Don’t worry - it’s nothing. :purple_heart:

Oi! Were you not raised properly by older instances of nothingness that brought you forth?! Pour the electricity in a glass like everyone else!


Kids these days, smh. :weary:

Are the older instances of nothingness like All Might and all that?


I was wondering if someone can help me with this. I am learning for example the Mounth Kanji. The reading is こう, orく. Then if I go to the vocabulary, the reading is again different: くち. And then when I read the word Zero, or ゼロ, I read the Mouth as: ro or ろ??? I don’t understand? why are there so many ways of using this kanji and do I really need to learn all of these ways of saying/using them? why is it in the word zero again different?

It’s common for kanji to have multiple readings. く and こう came from Chinese, and are most often used in compounds that Japanese borrowed from Chinese. くち is the native Japanese word for mouth, and so it’s how you read the kanji as a word alone, or in some compounds that are based on Japanese etymology.

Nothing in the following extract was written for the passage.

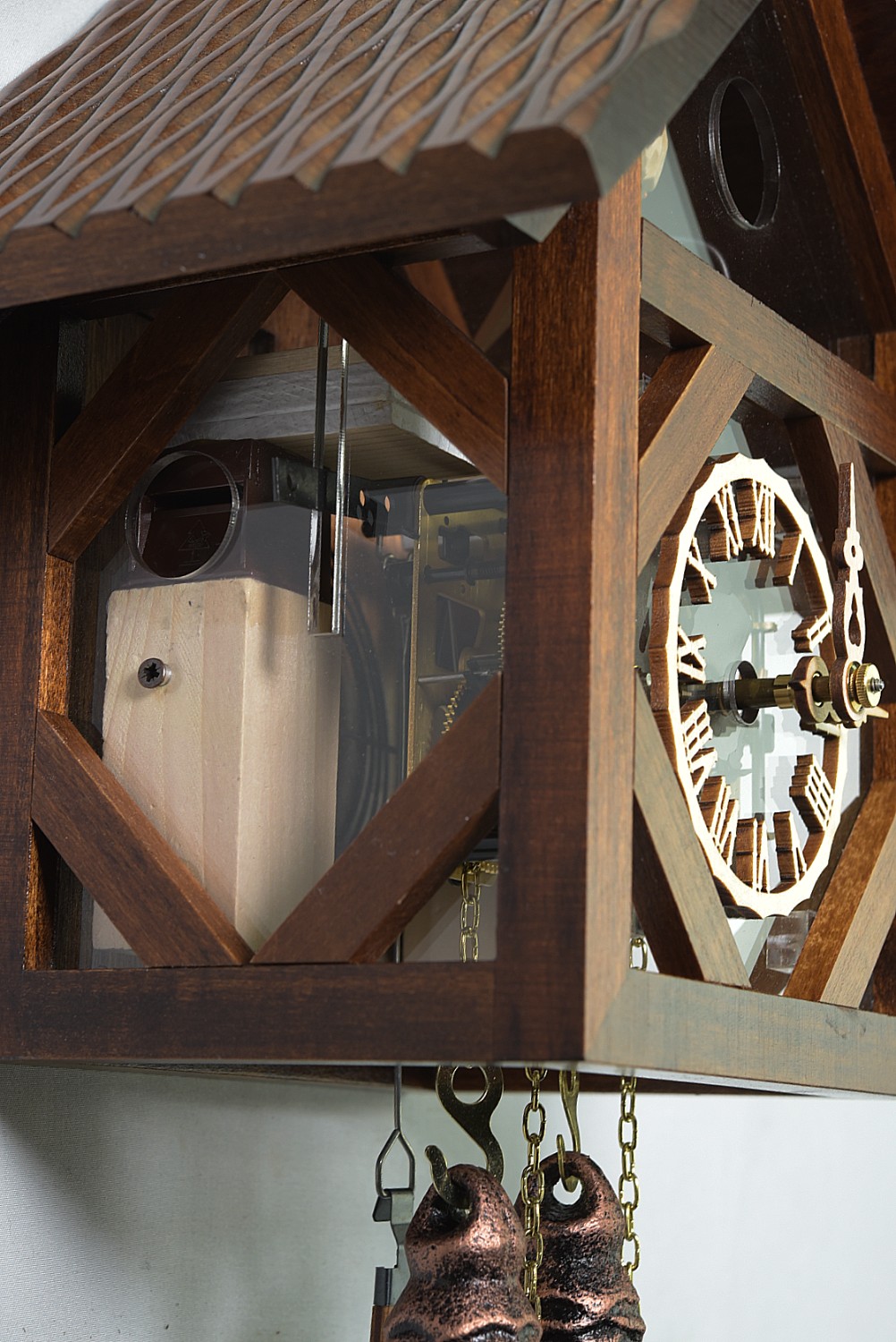 機能性としましては、従来の鳩時計と同様に夜間の鳴り止め手動レバーが側面につきます

You’ll learn some words that use く and こう in compounds soon enough.

ロ in ゼロ is not the mouth kanji. It’s the katakana “ro.” It just coincidentally shares the same shape as 口. But it shouldn’t really be confusing in context as to which is which. The ロ katakana is a simplification of the kanji 呂, which is also read “ro.” So it only has an indirect connection to the mouth kanji.

The written aspect of Japanese is one of its trickiest parts, but with experience this will all seem normal.


Hey, I’ll have you know my orifices are cleaned regularly, good sir!

Besides, everyone else is doing it these days. I just want to look cool.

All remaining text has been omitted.